- Born: 1966 (age 59–60)
- Education: B.A. Columbia University
- Known for: Team Leader for U.S. Women's National wrestling team
- Spouse: David Barry
- Children: 3
- Family: Joseph Barry (father-in-law)

= Kyra Tirana Barry =

American wrestler

Kyra Tirana Barry (born 1966) is the Team Leader for United States Women's National wrestling team.

==Biography==
In 1987, Barry earned a B.A. in Urban Studies from Columbia University where she also played soccer. After school, she worked mainly in transportation policy for the United States Congress, the Mayor's Office of New York City, the New York Metropolitan Transportation Authority, and New Jersey Department of Transportation. In 2013, she was named the Team Leader for the United States Women's National wrestling team. While team leader, individual US team women wrestlers won nine World medals - including two gold medals by Adeline Gray - and the USA team placed third in the 2013, 2014 and 2015 World Championships.

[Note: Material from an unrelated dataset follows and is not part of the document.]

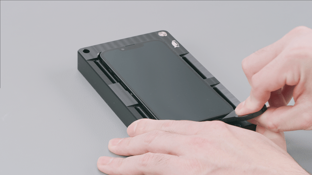 24. Position the repair tray with the iPhone in the display press and the display faceup. Pull down the lever until the display press locks.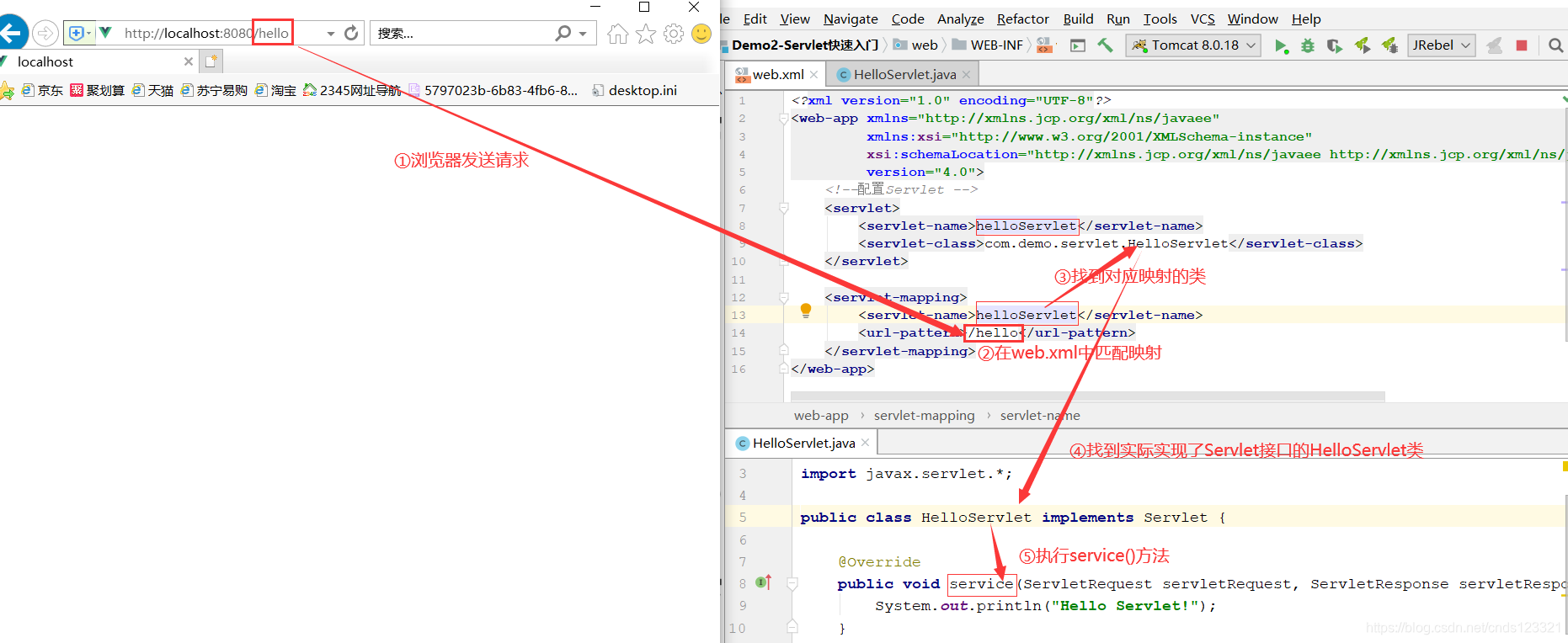 配置后,浏览器输入:http://localhost:8080/hello/才能访问

==Boardships and philanthropy==
Barry is President of Beat the Streets which is dedicated to encouraging New York City middle and high school student-athletes to participate in amateur wrestling to build life skills; and created the first freestyle wrestling league for high school girls. She is also the Chair of the Columbia College Alumni Association, a member of the Columbia College Board of Visitors, Barry is a member of the U.S. Soccer Foundation's New York Leadership Council - which develops soccer programs for underprivileged children - and has served on the boards of All Saints Episcopal School, Hoboken and Village Community School.

==Personal life==
Kyra and her husband, real estate developer David Barry (son of Joseph Barry) have three children: Olivia, Jake and Charley. Her husband served as Greco-Roman Team Leader during the 2009-2012 Olympic quadrennium and was named USA Wrestling Man of the Year in 2012. Her two sons are also wrestlers.